Kolesterol tinggi adalah faktor risiko yang dapat dikontrol untuk Penyakit Jantung Koroner (PJK), serangan jantung, dan stroke. Sermakin tinggi kadar kolesterol, semakin tinggi risiko menderita PJK dan stroke. Apabila kita memiliki faktor risiko lain (hipertensi, diabetes) setinggi kolesterol, maka risikonya semakin meningkat. Semakin banyak memiliki faktor risiko, maka semakin besar kemungkinan untuk mengalami PJK.

Kolesterol LDL yang terlalu tinggi di dalam darah dapat mengakibatkan terbentuknya sumbatan pada pembuluh darah yang mendarahi jantung dan otak. Bersama dengan substansi lainnya, kolesterol dapat membentuk plak atau sumbatan yang dapat menyempitkan pembuluh darah arteri dan membuat arteri tidak fleksibel. Kondisi ini dikenal dengan aterosklerosis. Apabila sumbatan ini memblok arteri yang menyempit tersebut, maka serangan jantung atau stroke dapat terjadi.

Untuk membantu menurunkan kadar kolesterol, Anda sebaiknya mengurangi atau sama sekali tidak mengonsumsi lemak jenuh dan trans fat serta menggantinya dengan lemak tak jenuh (monounsaturated atau polyunsaturated fat). Anda juga sebaiknya mengurangi jumlah asupan lemak per harinya. The American Heart Association merekomendasikan asupan kolesterol perhari kurang dari 300 mg. Apabila memiliki penyakit jantung, asupan kolesterol sebaiknya kurang dari 200 mg.

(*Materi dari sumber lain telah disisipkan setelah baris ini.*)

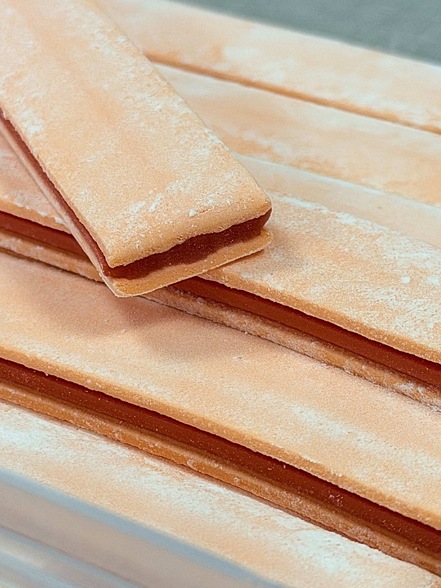 MAXI SUMUŠTINIAI GUMINUKAI – tai skanūs guminukai, kurių forma primena ilgas juosteles, o tarp jų paslėptas gardus braškių skonio įdaras.

Minumlah minyak ikan secara teratur. Minyak ikan banyak mengandung lemakpoliunsaturated atau yang dikenal dengan omega-3 yang dapat menurunkan kadar trigliserida dan mencegah pembekuan (clotting) darah, dan membantu mengatur irama jantung.

Makanlah makanan dengan kandungan serat tinggi. Makanan yang kaya akan serat (10-25 g/hari) diantaranya adalah kacang-kacangan, kacang polong, gandum, buah, dan sayuran yang dapat membantu menurunkan kadar kolesterol.

Demikian penjelasan yang dapat kami berikan. Semoga membantu.